- Film poster
- Directed by: Christian Sesma
- Written by: Zach Zerries
- Produced by: Mike Hatton Christian Sesma Michael Walker
- Starring: Mickey Rourke James Russo Michael Jai White Gillian White
- Cinematography: Anthony J. Rickert-Epstein
- Edited by: Eric Potter
- Music by: Nima Fakhrara Navid Hejazi
- Distributed by: Shout! Studios
- Release date: June 18, 2021;
- Running time: 89 minutes
- Country: United States
- Language: English

= Take Back (film) =

American action thriller film

Take Back is a 2021 American action thriller film directed by Christian Sesma and starring Mickey Rourke, James Russo, Michael Jai White and Gillian White. The film was released in the United States on June 18, 2021.

==Plot==
Zara (Gillian White) and Brian (Michael Jai White) are a couple living a quaint small-town life. A mysterious person from Zara's past arrives and kidnaps their daughter. Zara and Brian are forced to come to terms with Zara's past, and enlists the help of the sheriff (James Russo) to try and race to save their daughter's life before she vanishes into the sex trade.

==Cast==
- Mickey Rourke as Patrick, Jack
- Michael Jai White as Brian
- Gillian White as Zara
- James Russo as Schmidt
- Jessica Uberuaga as Nancy
- Chris Browning as Jerry Walker
- Nick Vallelonga as Demarco

==Production==
Principal photography wrapped in August 2020.

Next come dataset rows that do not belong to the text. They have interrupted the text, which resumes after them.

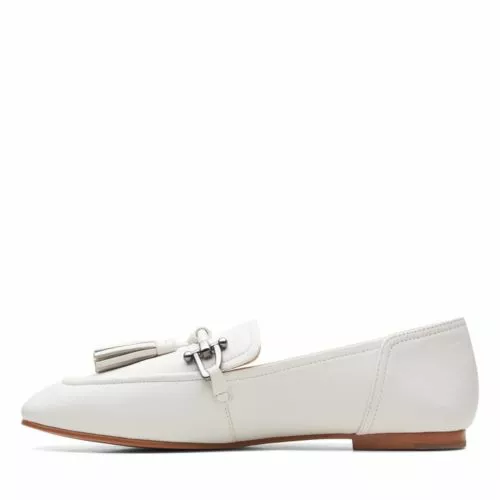 Add a timeless style to your collection with these loafers from Clarks. Made with a soft responsibly sourced leather upper, this pair sits on an anti-slip resin sole for a durable and supportive wear. With a silver toned buckle adorning the front, these contemporary loafers are finished with a tonal tassel detail.
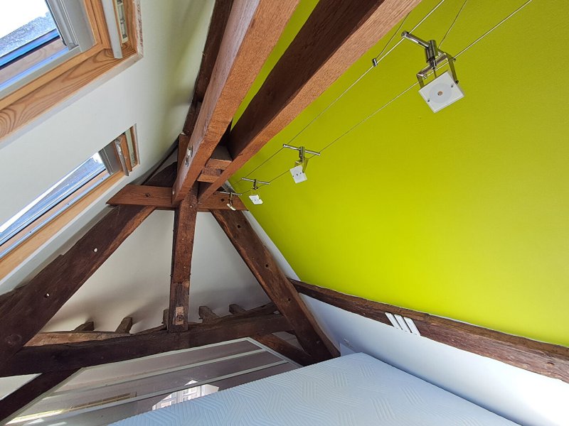 À l'étage, découvrez une mezzanine sous les combles qui comprend un coin nuit douillet ainsi qu'une baignoire, parfaite pour se détendre après une journée au bord de la mer.
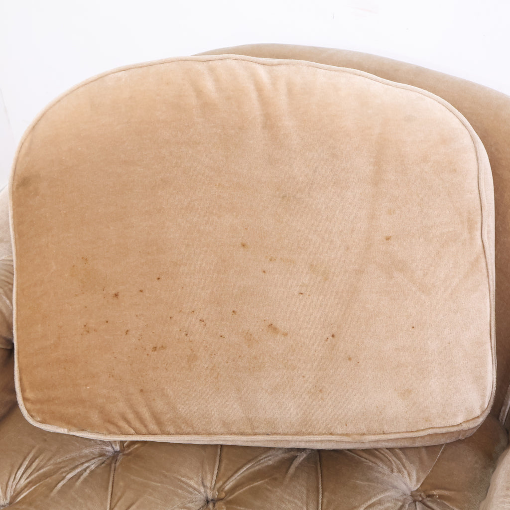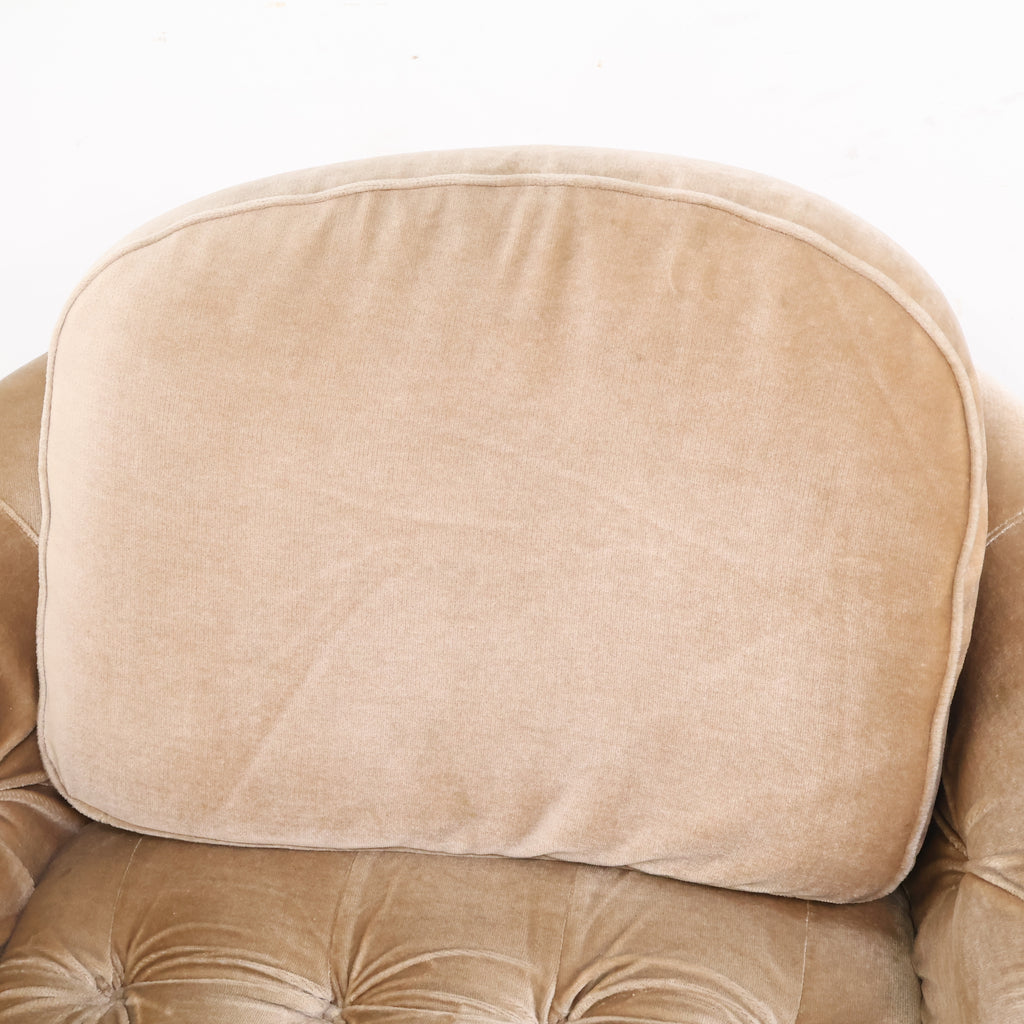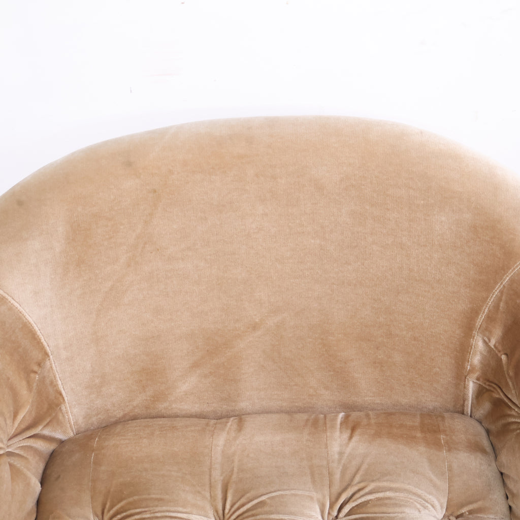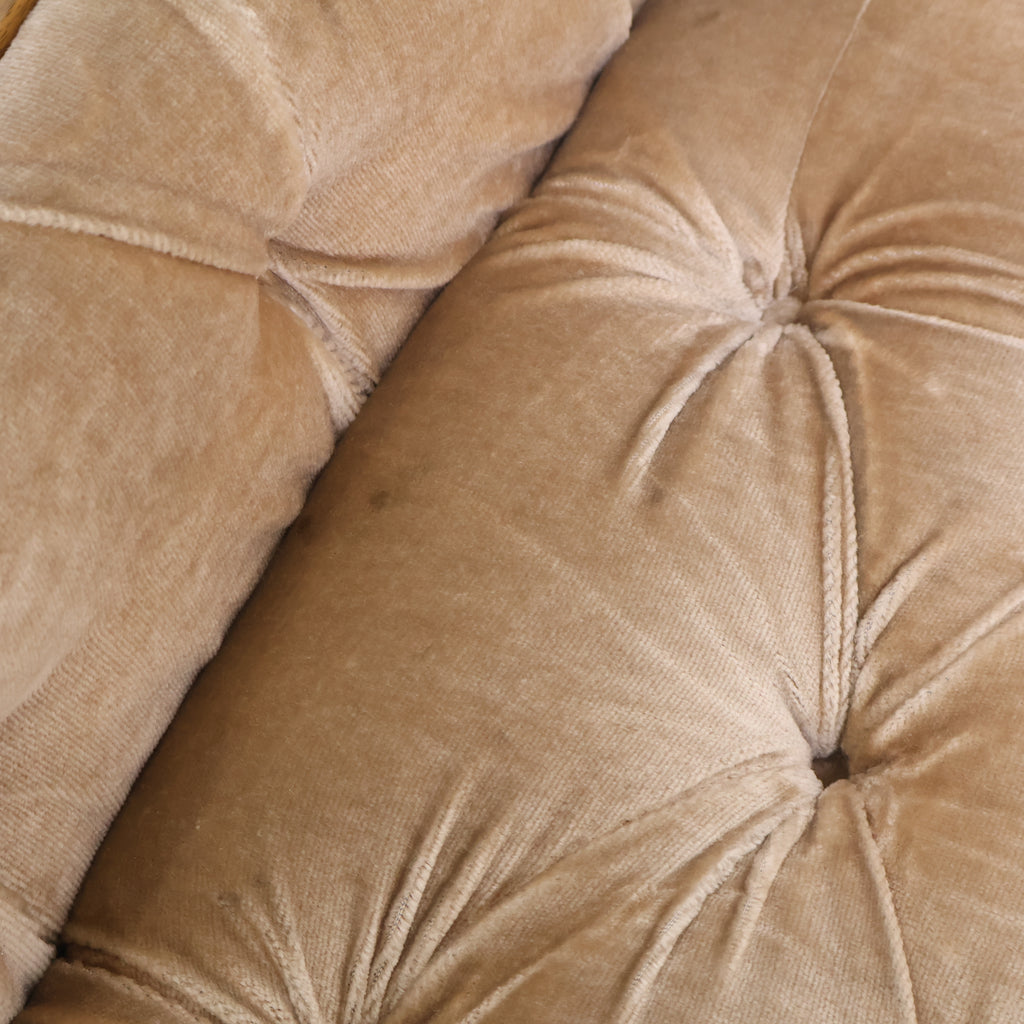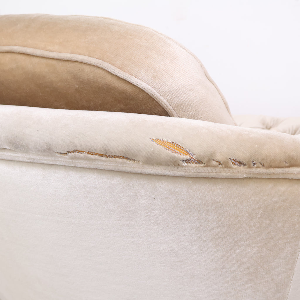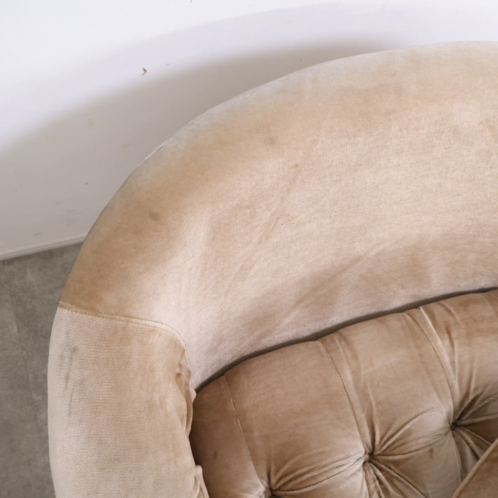 クラシック家具ならではの重厚感と、優雅な曲線を描く木製フレームが魅力の一脚。 柔らかなベロア調ファブリックに深いボタン留めを施した座面は高級感があり、座り心地もしっかり。 気品あるデザインは、クラシック、アンティーク、レトロモダンなど幅広いインテリアに調和します。

The film was shot in the Coachella Valley, during the COVID-19 pandemic.

==Release==
Shout! Studios acquired North American distribution rights to the film in February 2021. The film released theatres in the United States and to video on-demand and online retailers on June 18, 2021.

==Reception==
Reviews of the film were mostly negative, with a 20% rating on Rotten Tomatoes based on five reviews. Most reviews focused on the slow pacing and generic setup.

Phil Hoad of The Guardian awarded the film two stars out of five and wrote, "...this smalltown revenge thriller starts off well but takes a fatally long time to gather momentum."

Alan Ng of Film Threat rated the film a 6.5 out of 10 and wrote, "It’s a great film to relax at home with and enjoy a steady stream of light suspense and action… and support up-and-coming stars."